- Born: Herbert Cokayne Gibbs 14 May 1854 United Kingdom
- Died: 22 May 1935 (aged 81) United Kingdom
- Occupation: Businessman
- Title: Lord Hunsdon
- Children: 6, including Humphrey
- Father: Hucks Gibbs, 1st Baron Aldenham
- Relatives: Christopher Gibbs (grandson)

= Herbert Gibbs, 1st Baron Hunsdon of Hunsdon =

British businessman (1854–1935)

Herbert Cokayne Gibbs, 1st Baron Hunsdon of Hunsdon (14 May 1854 – 22 May 1935), was a British businessman.

Hunsdon was the fourth son of Hucks Gibbs, 1st Baron Aldenham, and Louisa Anne Adams, and was educated at Winchester and Trinity College, Cambridge. He was a partner in the family firm of Antony Gibbs & Sons, and also served as Commissioner and Chairman of the Public Works Loan Board. In 1908, he bought the Hunsdon Manor and the Briggens estate in Hertfordshire, and served as a justice of the peace and as High Sheriff of the county. In 1923, he was raised to the peerage as Baron Hunsdon of Hunsdon, of Briggens in the County of Hertford.

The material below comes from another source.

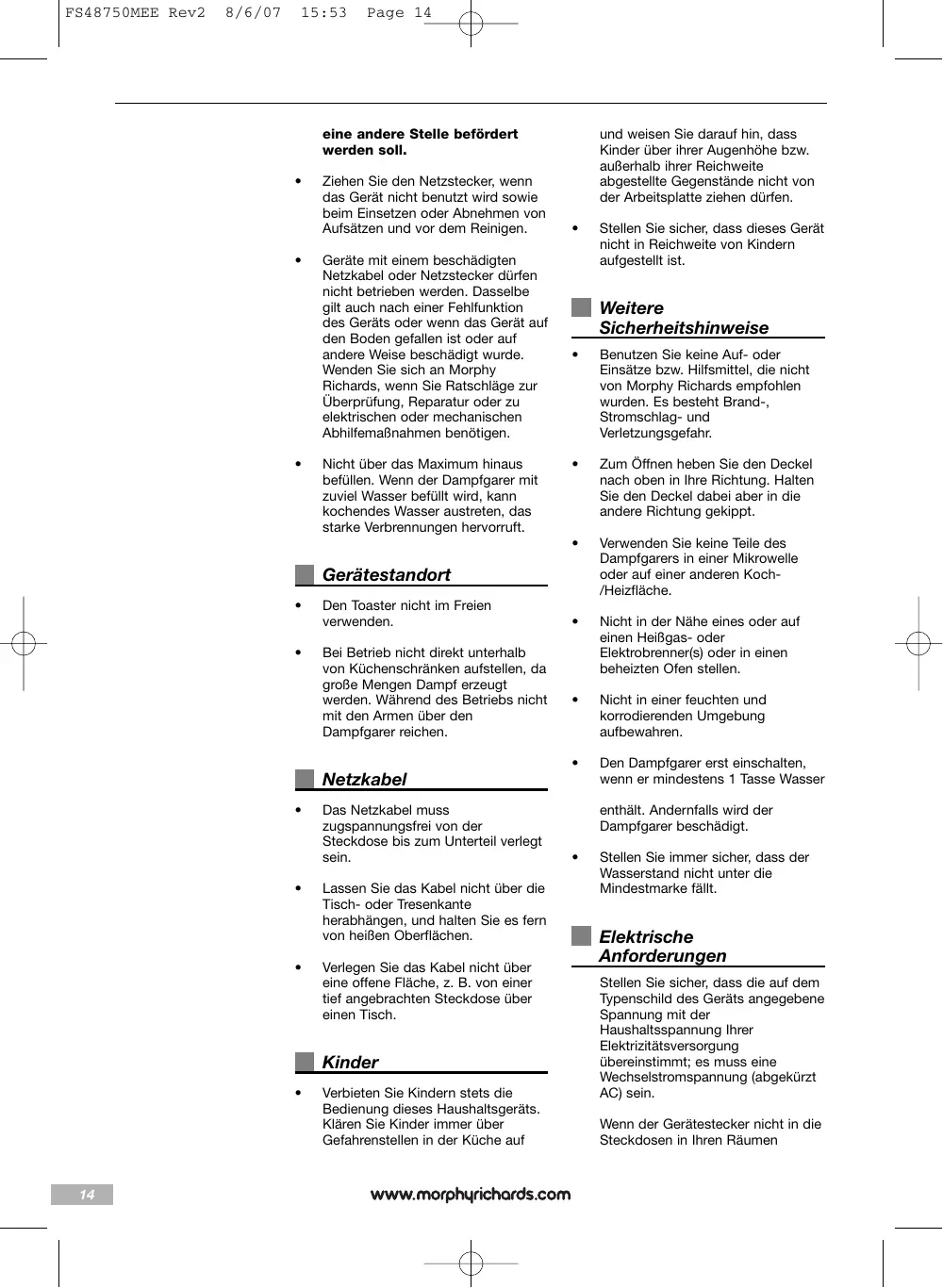 Vor dem Verlassen des Werks werden alle Morphy Richards Produkte geprüft. Sollte einmal der Fall auftreten, dass sich ein Gerät innerhalb der Garantiezeit als fehlerhaft erweist, wenden Sie sich bitte an unsere Service-Hotline (01805-398346 – 12 Cent pro Minute). Falls das Gerät während der 2jährigen Garantielaufzeit aus welchem Grund auch immer ausgetauscht wird, wird zur Berechnung der Restgarantie für das neue Gerät das OriginalKaufdatum zugrunde gelegt. Aus diesem Grunde ist es besonders wichtig, den Original-Kaufbeleg bzw. die Rechnung aufzubewahren, um das Datum des ursprünglichen Kaufs nachweisen zu können. Damit die 2-jährige Garantie geltend gemacht werden kann, muss das Gerät im Einklang mit den Anweisungen des Herstellers benutzt worden sein. Beispielsweise muss das Gerät entkalkt worden sein und gemäß den Anweisungen gereinigt werden. Morphy Richards übernimmt keine Verpflichtung zur Reparatur oder zum Austausch der Waren im Rahmen der Garantiebedingungen, wenn:

Lord Hunsdon married Anna Maria, daughter of Richard Durant, in 1885. They had three sons and three daughters. Their sixth child, Sir Humphrey Gibbs, was Governor of Southern Rhodesia. Lord Hunsdon died in May 1935, aged 81, and was succeeded in the barony by his eldest son Walter, who in 1939 also succeeded his cousin to the barony of Aldenham. Lady Hunsdon died in 1938.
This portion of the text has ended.